Entries below include pictures. Output exactly the lines from the one with "Beautifully hand-knit and" down to the one with "近日,天津市人力社保局发布关", both ends included, and leave the pictures out.

* EXERCISE DATA *

----------

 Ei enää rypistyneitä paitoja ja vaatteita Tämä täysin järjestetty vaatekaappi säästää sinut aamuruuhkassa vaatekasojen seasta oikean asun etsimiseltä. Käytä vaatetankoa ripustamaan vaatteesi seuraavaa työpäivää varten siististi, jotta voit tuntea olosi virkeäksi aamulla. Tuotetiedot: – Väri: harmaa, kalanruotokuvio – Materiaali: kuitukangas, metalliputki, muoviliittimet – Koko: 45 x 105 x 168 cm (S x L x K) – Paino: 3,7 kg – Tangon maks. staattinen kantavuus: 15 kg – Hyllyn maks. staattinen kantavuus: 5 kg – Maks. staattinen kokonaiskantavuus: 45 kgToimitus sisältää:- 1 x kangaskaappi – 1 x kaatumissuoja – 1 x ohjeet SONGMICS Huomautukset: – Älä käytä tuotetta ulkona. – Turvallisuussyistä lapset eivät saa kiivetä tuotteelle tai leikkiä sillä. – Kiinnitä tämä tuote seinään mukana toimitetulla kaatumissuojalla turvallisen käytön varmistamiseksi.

----------

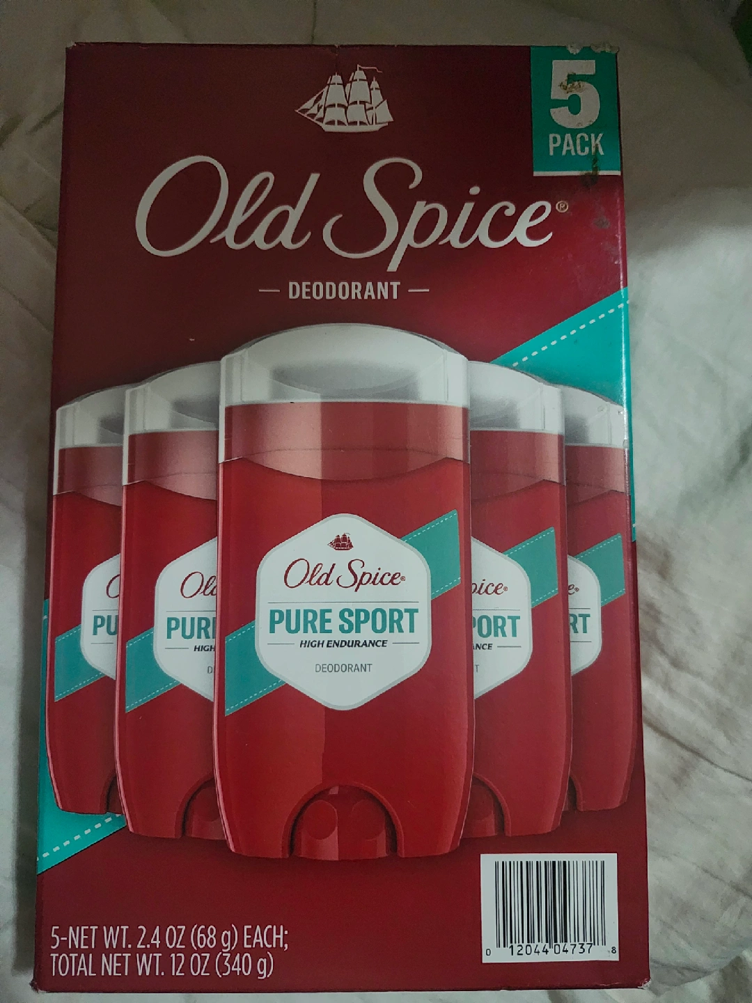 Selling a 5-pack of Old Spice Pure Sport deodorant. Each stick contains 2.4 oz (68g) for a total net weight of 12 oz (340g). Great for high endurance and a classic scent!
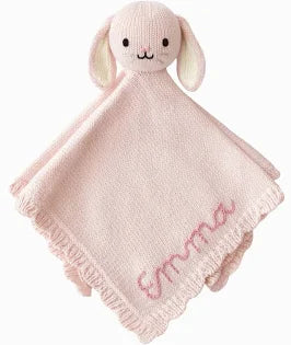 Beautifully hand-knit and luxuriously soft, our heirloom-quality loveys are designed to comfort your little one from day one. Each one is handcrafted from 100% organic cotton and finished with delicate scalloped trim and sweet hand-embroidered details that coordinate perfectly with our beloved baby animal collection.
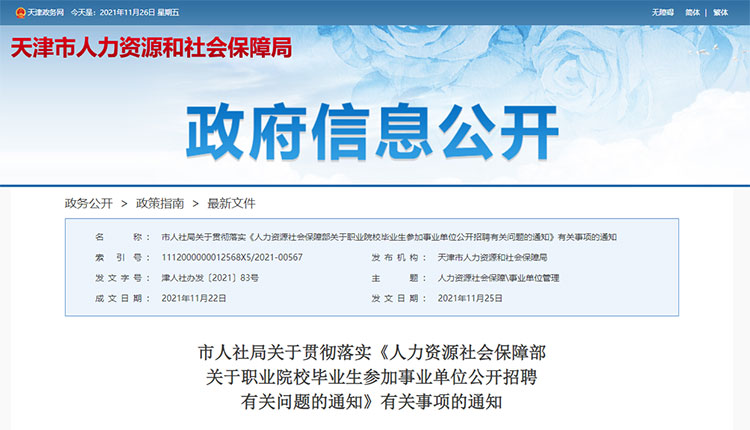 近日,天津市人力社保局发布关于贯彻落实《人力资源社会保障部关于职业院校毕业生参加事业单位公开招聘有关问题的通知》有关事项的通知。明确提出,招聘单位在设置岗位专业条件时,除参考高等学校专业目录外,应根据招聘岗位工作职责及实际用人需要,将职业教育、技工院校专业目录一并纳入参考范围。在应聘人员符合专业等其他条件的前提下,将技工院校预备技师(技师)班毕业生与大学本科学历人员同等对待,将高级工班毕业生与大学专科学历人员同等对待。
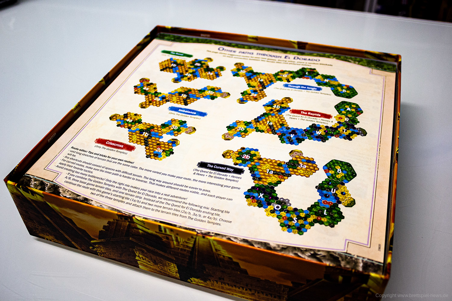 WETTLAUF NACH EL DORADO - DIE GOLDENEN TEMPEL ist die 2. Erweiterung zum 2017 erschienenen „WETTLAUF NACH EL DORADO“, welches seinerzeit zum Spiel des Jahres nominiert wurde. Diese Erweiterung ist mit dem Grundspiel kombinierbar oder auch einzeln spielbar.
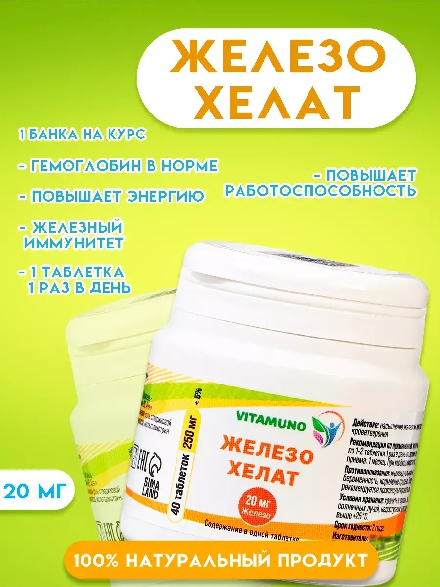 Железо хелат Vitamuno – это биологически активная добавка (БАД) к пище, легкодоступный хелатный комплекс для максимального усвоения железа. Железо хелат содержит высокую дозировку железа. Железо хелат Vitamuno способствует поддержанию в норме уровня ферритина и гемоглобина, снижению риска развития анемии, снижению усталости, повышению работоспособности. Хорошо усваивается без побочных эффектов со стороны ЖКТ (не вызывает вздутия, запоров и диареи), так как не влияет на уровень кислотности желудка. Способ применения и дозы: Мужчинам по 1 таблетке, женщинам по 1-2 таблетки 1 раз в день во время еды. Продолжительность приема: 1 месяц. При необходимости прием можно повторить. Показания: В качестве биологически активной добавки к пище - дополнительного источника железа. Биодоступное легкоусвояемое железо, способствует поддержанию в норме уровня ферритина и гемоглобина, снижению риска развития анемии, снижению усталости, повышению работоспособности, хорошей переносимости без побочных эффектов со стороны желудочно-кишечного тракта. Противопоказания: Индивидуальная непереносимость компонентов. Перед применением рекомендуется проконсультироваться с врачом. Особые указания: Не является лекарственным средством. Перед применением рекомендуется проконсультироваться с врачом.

----------

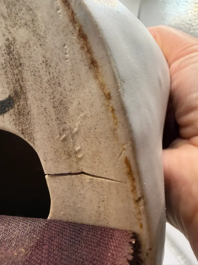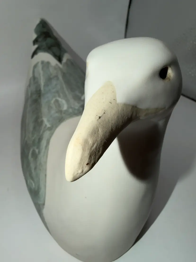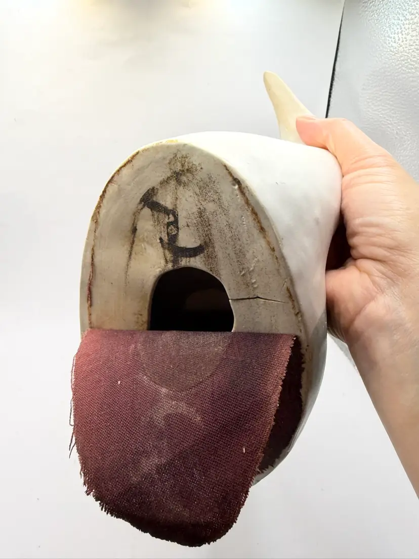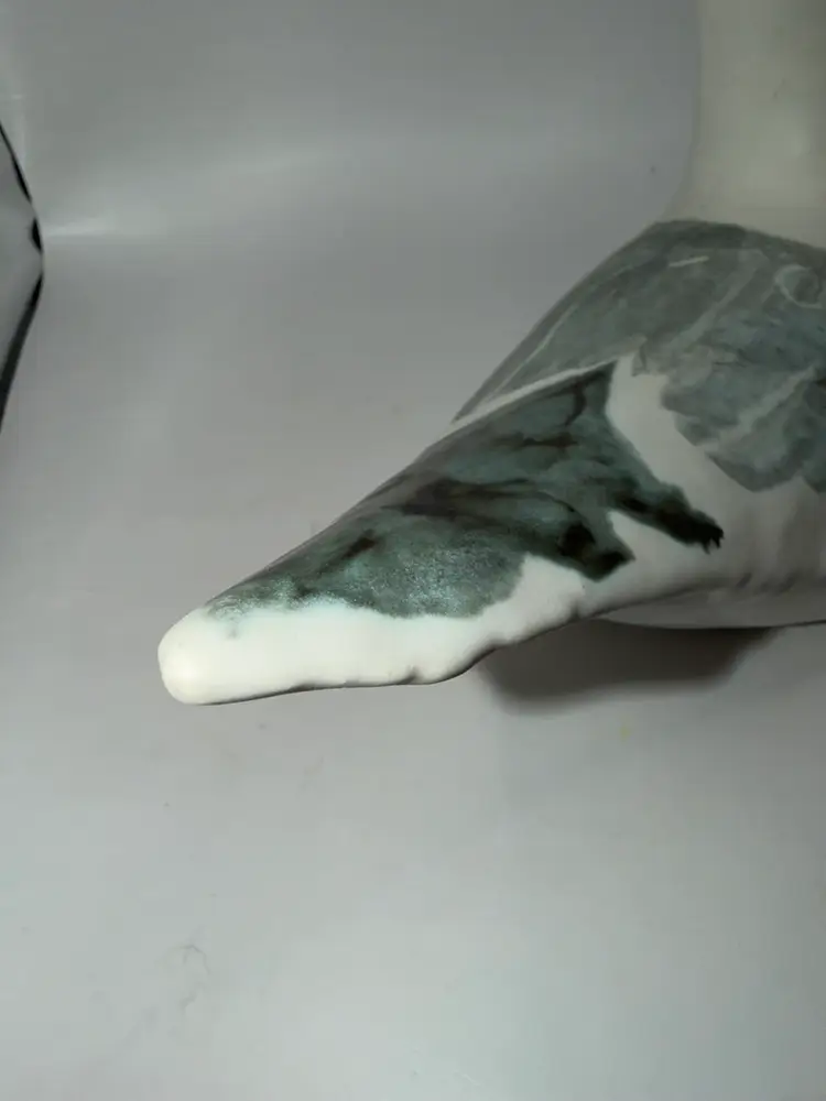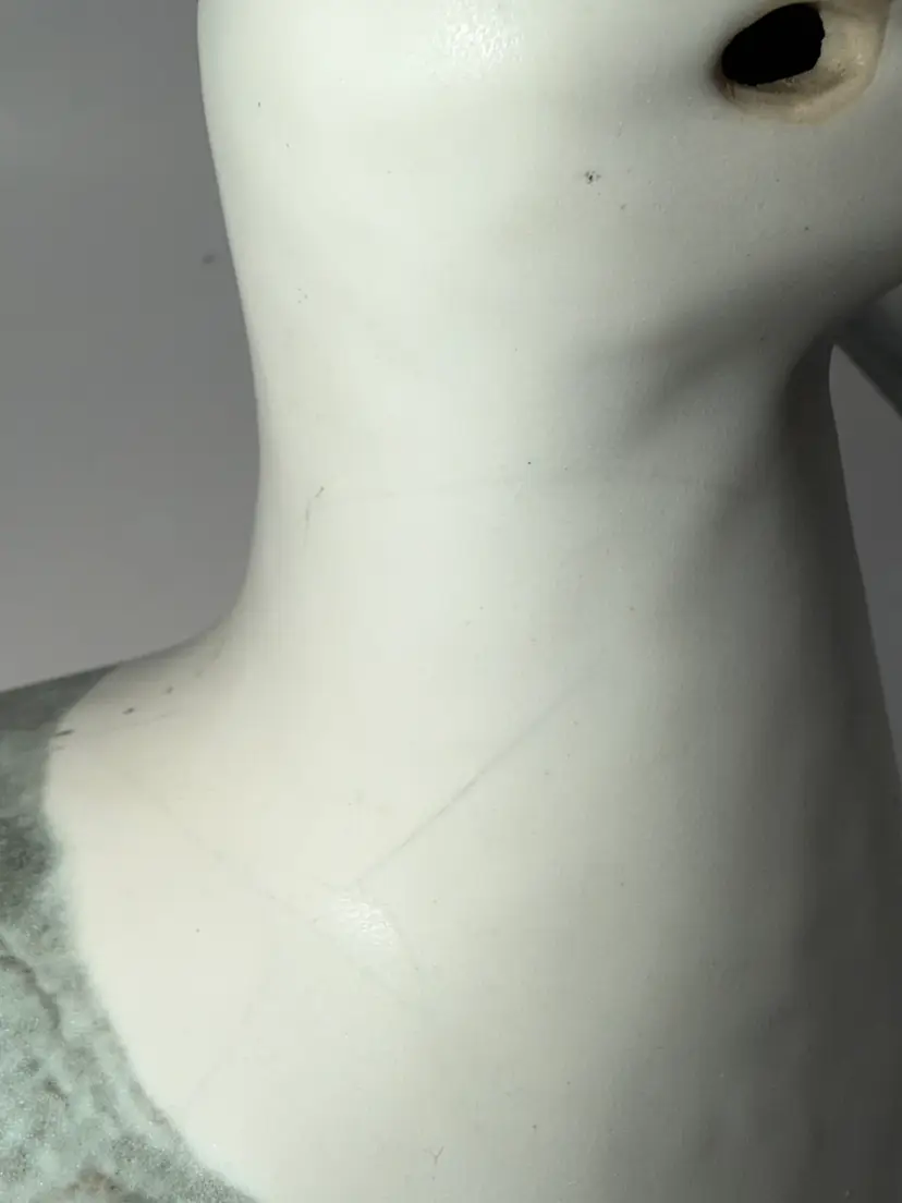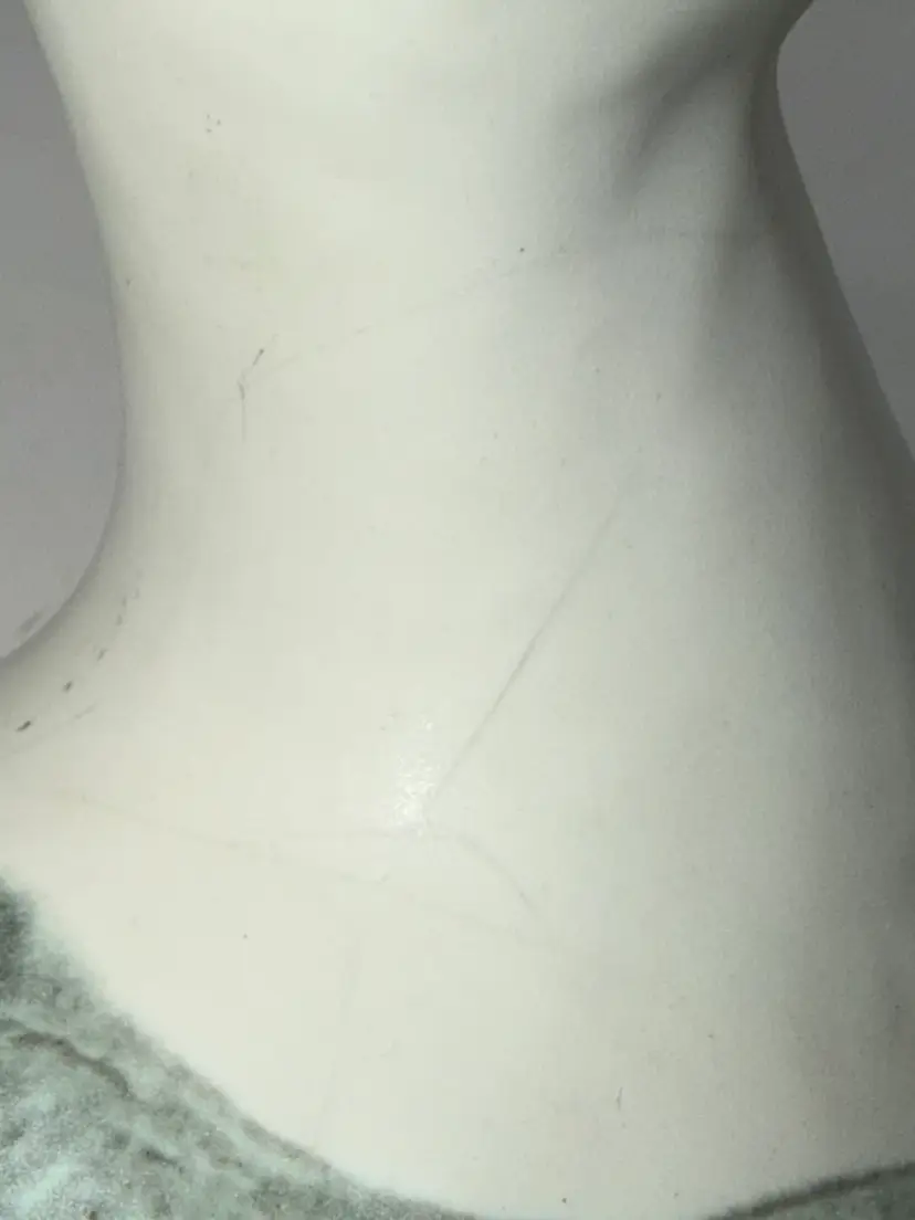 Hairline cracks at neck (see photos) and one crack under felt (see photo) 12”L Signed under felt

----------

* THE COMPLETED TASK *
 Beautifully hand-knit and luxuriously soft, our heirloom-quality loveys are designed to comfort your little one from day one. Each one is handcrafted from 100% organic cotton and finished with delicate scalloped trim and sweet hand-embroidered details that coordinate perfectly with our beloved baby animal collection.
 近日,天津市人力社保局发布关于贯彻落实《人力资源社会保障部关于职业院校毕业生参加事业单位公开招聘有关问题的通知》有关事项的通知。明确提出,招聘单位在设置岗位专业条件时,除参考高等学校专业目录外,应根据招聘岗位工作职责及实际用人需要,将职业教育、技工院校专业目录一并纳入参考范围。在应聘人员符合专业等其他条件的前提下,将技工院校预备技师(技师)班毕业生与大学本科学历人员同等对待,将高级工班毕业生与大学专科学历人员同等对待。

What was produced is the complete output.